» **Items from a dataset**
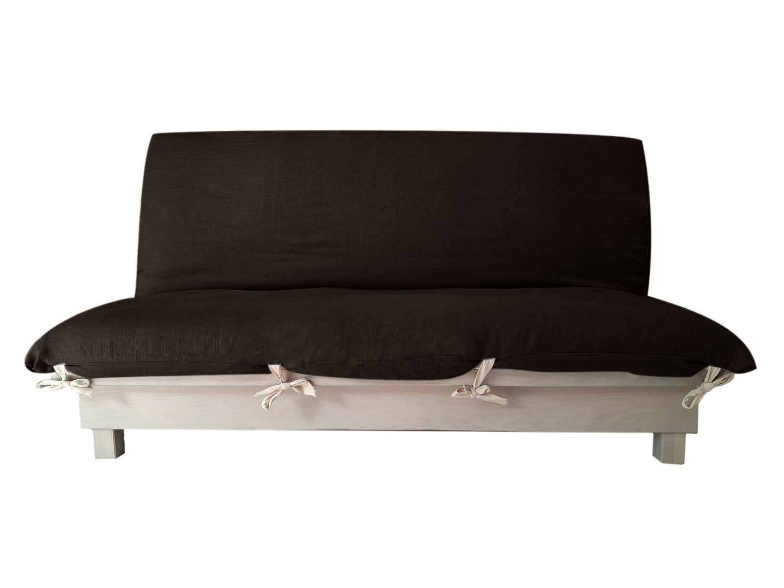 Le futon est attaché à la structure grâce à 8 lanières ; la housse en lin est conçue avec des passants qui laissent passer les lanières.
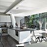 Construite sur un terrain de 5600 m², la maison développe une surface totale de 340 m². Au rez-de-chaussée, elle se compose d’un vaste espace de vie, avec salon double hauteur, salle à manger et cuisine, un espace bureau-salon de 90 m² et une chambre avec salle d’eau. Desservi par un escalier suspendu en acier et bois, l’étage en mezzanine comprend trois chambres, une salle de bains et un grand salon. Le sous-sol accueille un bureau, une salle de jeux et une buanderie. Deux terrasses, une salle de bains extérieure et un garage complètent l’ensemble.
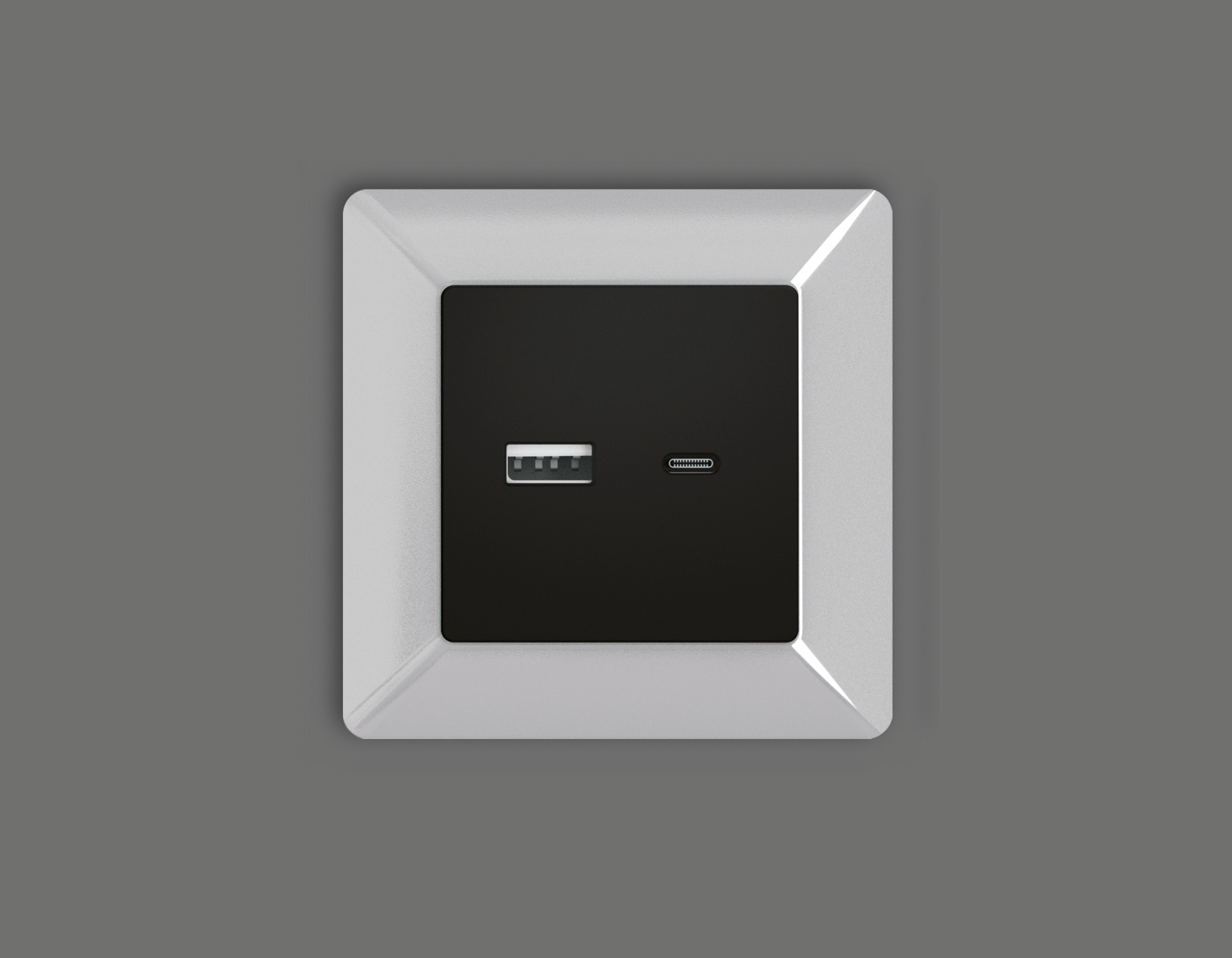 Лицевая панель ALFA (Черный матовый) для розетки 2USB тип A+C QUANT AP8110
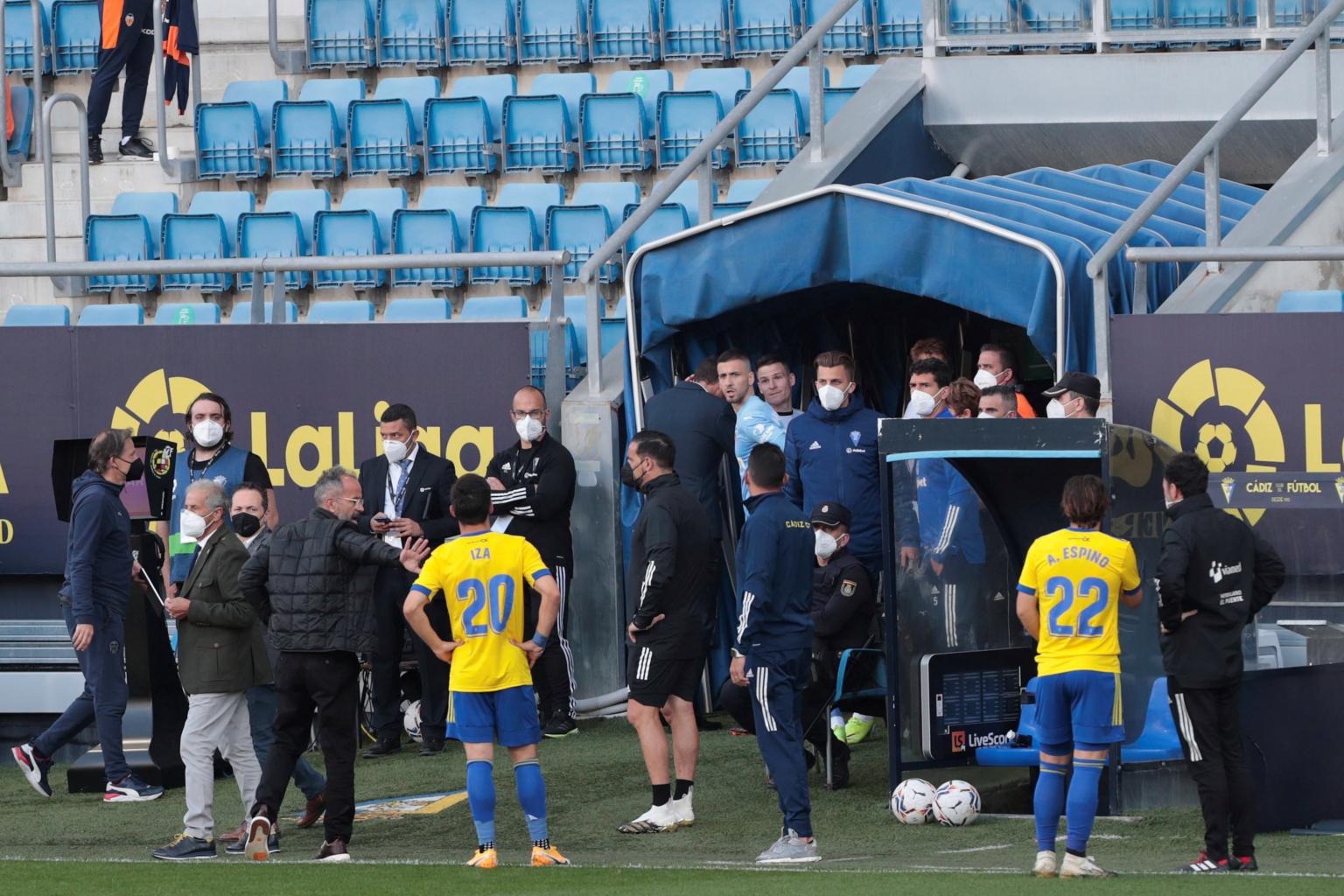 Valencia players leave the pitch during their Spanish La Liga soccer match against Cadiz at Ramon de Carranza stadium in Andalusia, Spain, on April 4, 2021.
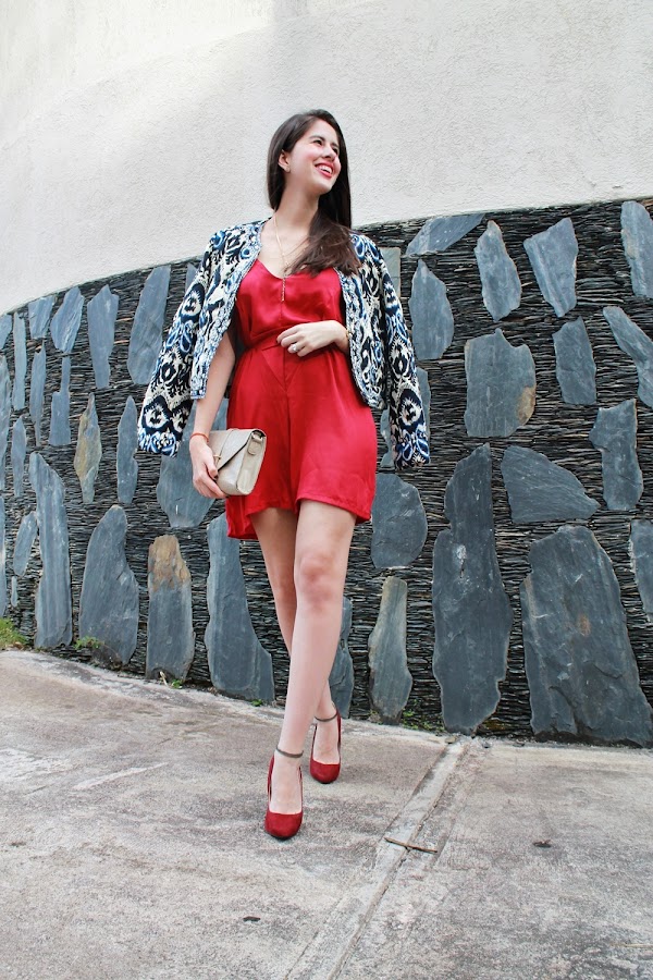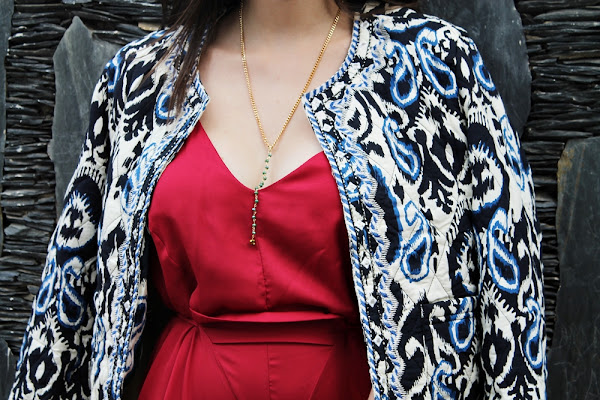 La mezcla de colores y texturas son de mis cosas favoritas a la hora de armar un look; al tratarse de una salida romántica decidí usar este romper color vino que es de mis favoritos, luce precioso y como ya saben amo como luce el color vino en contraste con mi color de piel, lo combine con zapatos del mismo color y para dar ese toque de originalidad al look mi nueva chaqueta en tonos azules, negros y crema era ideal y me abrigaba del frío de la noche.
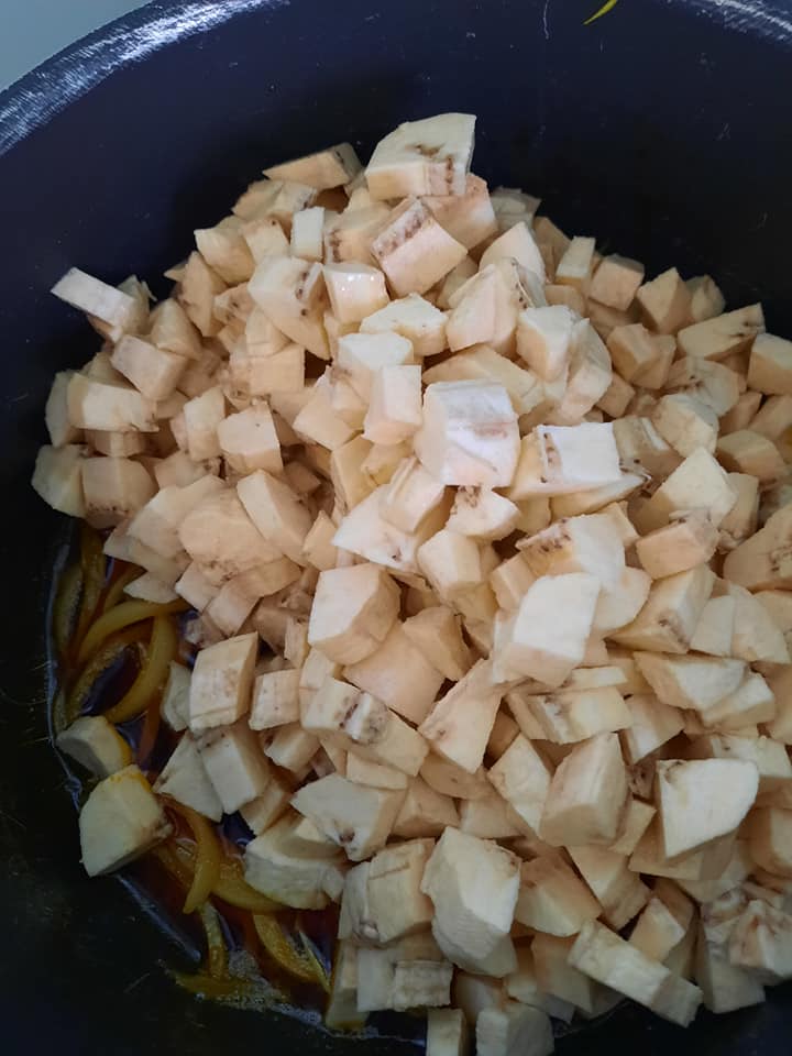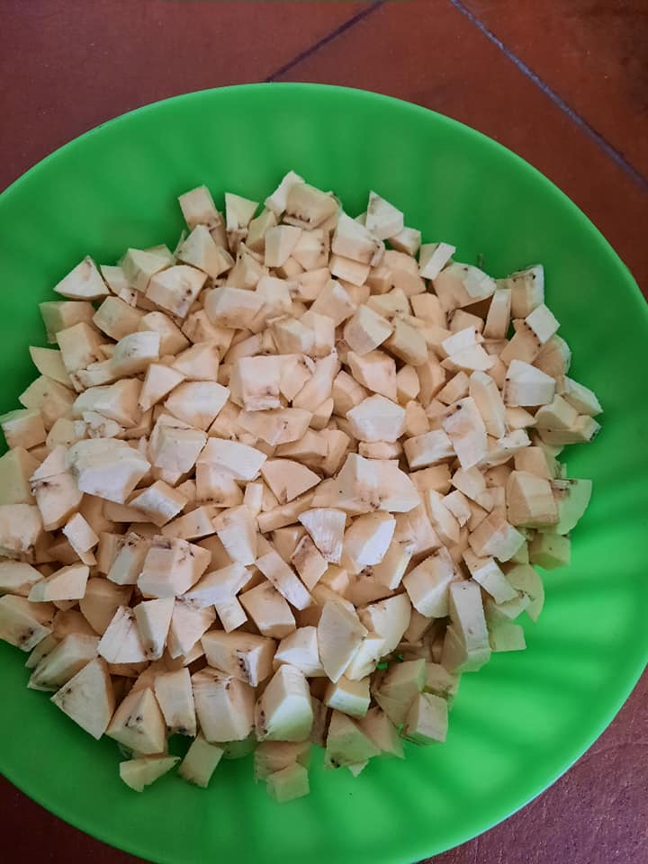 - Eplucher les plantains et Découper en dé ou selon votre convenance larver et réserver.
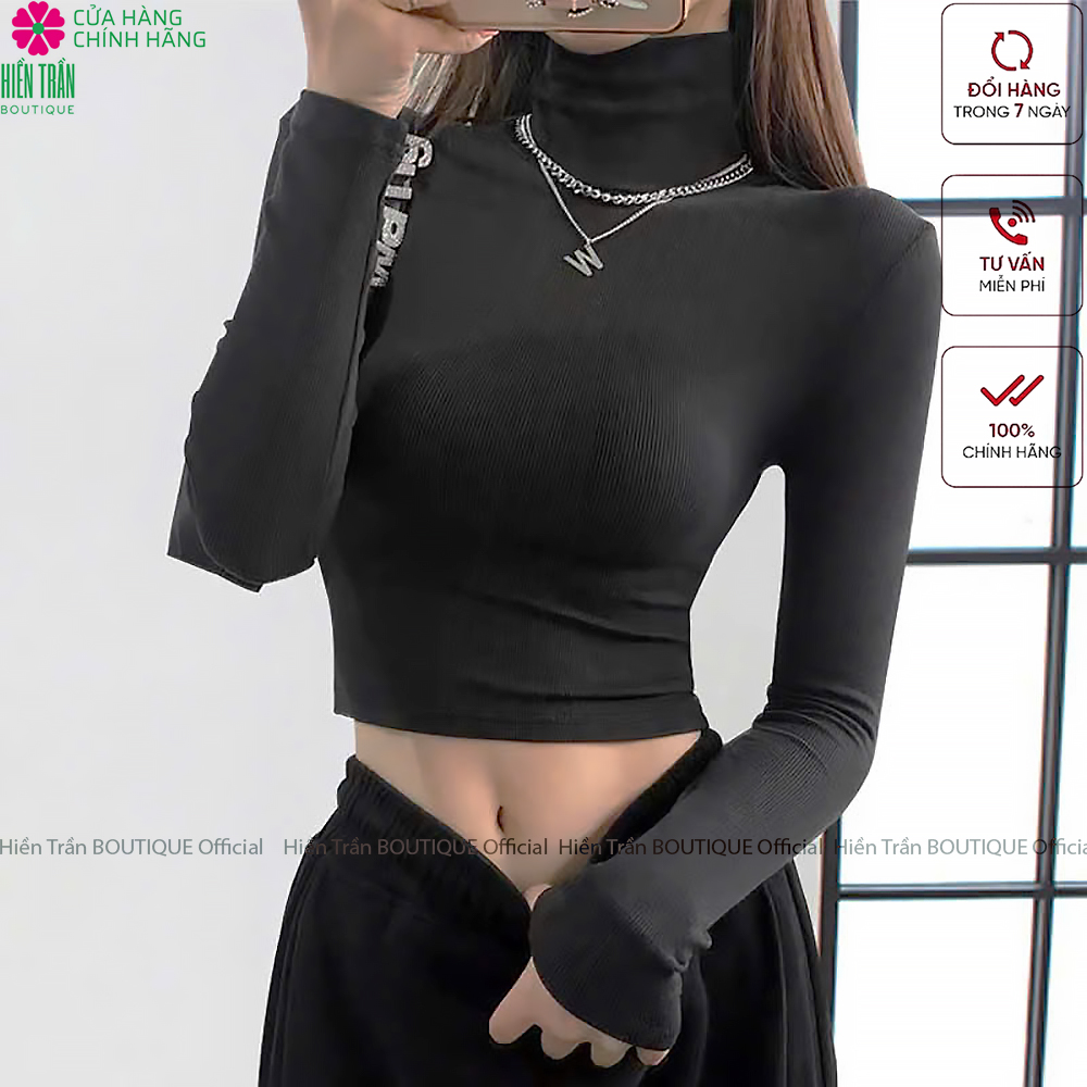 Áo croptop dài tay nữ Hiền Trần BOUTIQUE là sản phẩm cổ lọ được làm từ chất vải cotton co giãn, giữ nhiệt tốt và ôm sát cơ thể, mang đến phong cách cá tính cho phái đẹp.
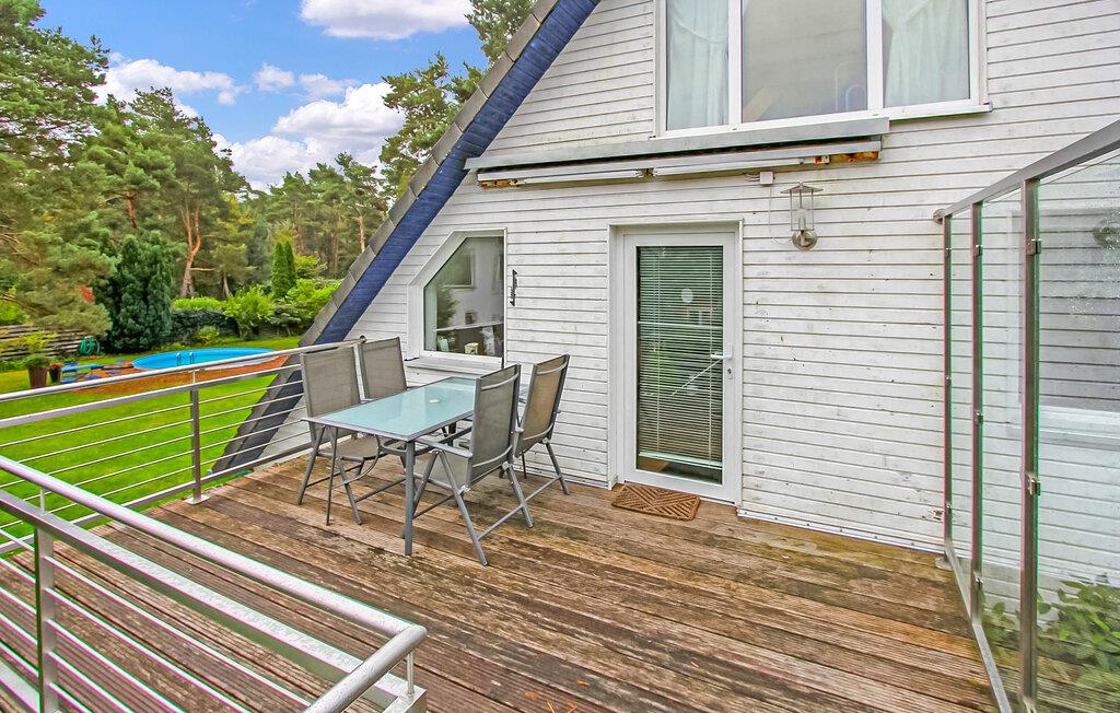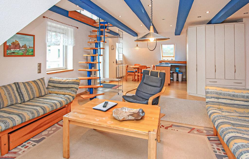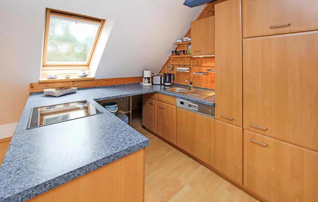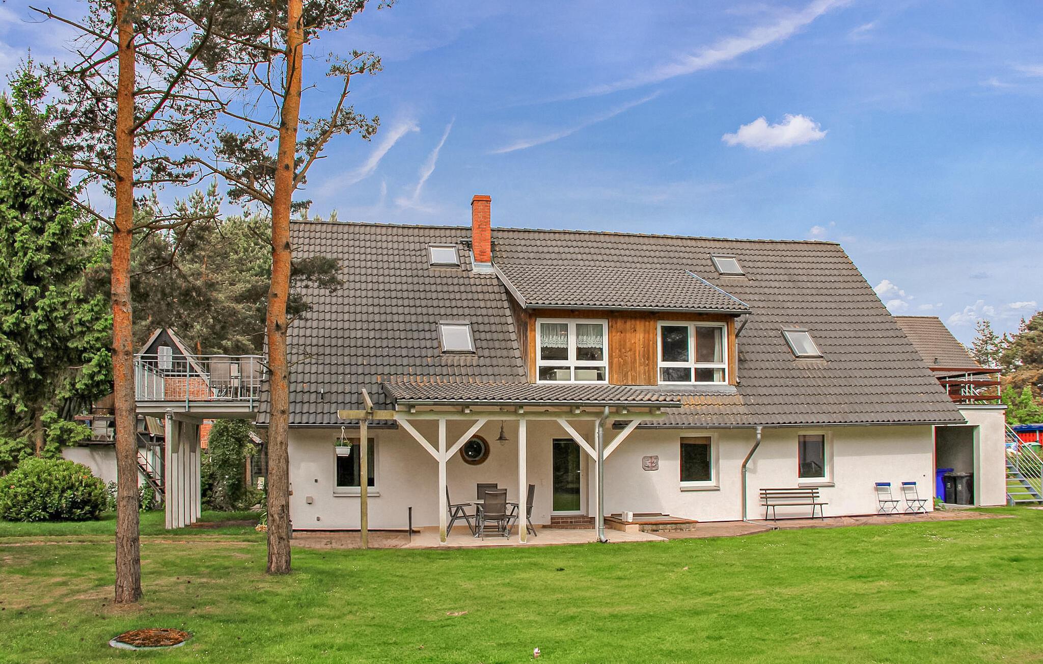 Ferielejligheden er beliggende separat på øverste etage i et sommerhus på ejerens 3000 kvadratmeter keramik og feriegård i direkte skov beliggenhed. Der tilbydes i alt seks ferielejligheder i forskellig størrelse. Den 75 kvm store ferielejlighed til 4 personer er udstyret med opholdsstue (polstrede møbler, fladskærms-tv), åbent tekøkken (elkomfur med ovn, køleskab med fryser, opvaskemaskine, diverse køkkenmaskiner), soveværelse med 2 enkeltsenge senge og badeværelse med badekar og bruser. På loftet (adgang via en stejl, pladsbesparende trappe) er der endnu et soveværelse (dobbeltseng) og et ekstra toilet. Adgang til lejligheden sker via en separat udvendig trappe. Dette fører også til en balkon med opholdsområde og grill. Der er også en udendørs pool (fælles brug), en parkeringsplads, cykelopbevaring og WiFi. Den samlede pris inkluderer vand, energi og slutrengøring. Håndklæder og sengetøj skal medbringes. Husdyr: En lille hund op til en højde på 40 cm er tilladt i denne ejendom. Betales på stedet: spaskat. Pruchten er en lille by i det sydlige lagunelandskab, cirka 6 km fra feriestedet Zingst ved Østersøen. I byen: restaurant, shopping, lille. Havn, båd- og cykeludlejning, ridestalde og de bedste fiskemuligheder.

» **Required work**
Repeat each line above exactly as it reads, omitting any pictures.

» **Reply to the exercise**
 Le futon est attaché à la structure grâce à 8 lanières ; la housse en lin est conçue avec des passants qui laissent passer les lanières.
 Construite sur un terrain de 5600 m², la maison développe une surface totale de 340 m². Au rez-de-chaussée, elle se compose d’un vaste espace de vie, avec salon double hauteur, salle à manger et cuisine, un espace bureau-salon de 90 m² et une chambre avec salle d’eau. Desservi par un escalier suspendu en acier et bois, l’étage en mezzanine comprend trois chambres, une salle de bains et un grand salon. Le sous-sol accueille un bureau, une salle de jeux et une buanderie. Deux terrasses, une salle de bains extérieure et un garage complètent l’ensemble.
 Лицевая панель ALFA (Черный матовый) для розетки 2USB тип A+C QUANT AP8110
 Valencia players leave the pitch during their Spanish La Liga soccer match against Cadiz at Ramon de Carranza stadium in Andalusia, Spain, on April 4, 2021.
 La mezcla de colores y texturas son de mis cosas favoritas a la hora de armar un look; al tratarse de una salida romántica decidí usar este romper color vino que es de mis favoritos, luce precioso y como ya saben amo como luce el color vino en contraste con mi color de piel, lo combine con zapatos del mismo color y para dar ese toque de originalidad al look mi nueva chaqueta en tonos azules, negros y crema era ideal y me abrigaba del frío de la noche.
 - Eplucher les plantains et Découper en dé ou selon votre convenance larver et réserver.
 Áo croptop dài tay nữ Hiền Trần BOUTIQUE là sản phẩm cổ lọ được làm từ chất vải cotton co giãn, giữ nhiệt tốt và ôm sát cơ thể, mang đến phong cách cá tính cho phái đẹp.
 Ferielejligheden er beliggende separat på øverste etage i et sommerhus på ejerens 3000 kvadratmeter keramik og feriegård i direkte skov beliggenhed. Der tilbydes i alt seks ferielejligheder i forskellig størrelse. Den 75 kvm store ferielejlighed til 4 personer er udstyret med opholdsstue (polstrede møbler, fladskærms-tv), åbent tekøkken (elkomfur med ovn, køleskab med fryser, opvaskemaskine, diverse køkkenmaskiner), soveværelse med 2 enkeltsenge senge og badeværelse med badekar og bruser. På loftet (adgang via en stejl, pladsbesparende trappe) er der endnu et soveværelse (dobbeltseng) og et ekstra toilet. Adgang til lejligheden sker via en separat udvendig trappe. Dette fører også til en balkon med opholdsområde og grill. Der er også en udendørs pool (fælles brug), en parkeringsplads, cykelopbevaring og WiFi. Den samlede pris inkluderer vand, energi og slutrengøring. Håndklæder og sengetøj skal medbringes. Husdyr: En lille hund op til en højde på 40 cm er tilladt i denne ejendom. Betales på stedet: spaskat. Pruchten er en lille by i det sydlige lagunelandskab, cirka 6 km fra feriestedet Zingst ved Østersøen. I byen: restaurant, shopping, lille. Havn, båd- og cykeludlejning, ridestalde og de bedste fiskemuligheder.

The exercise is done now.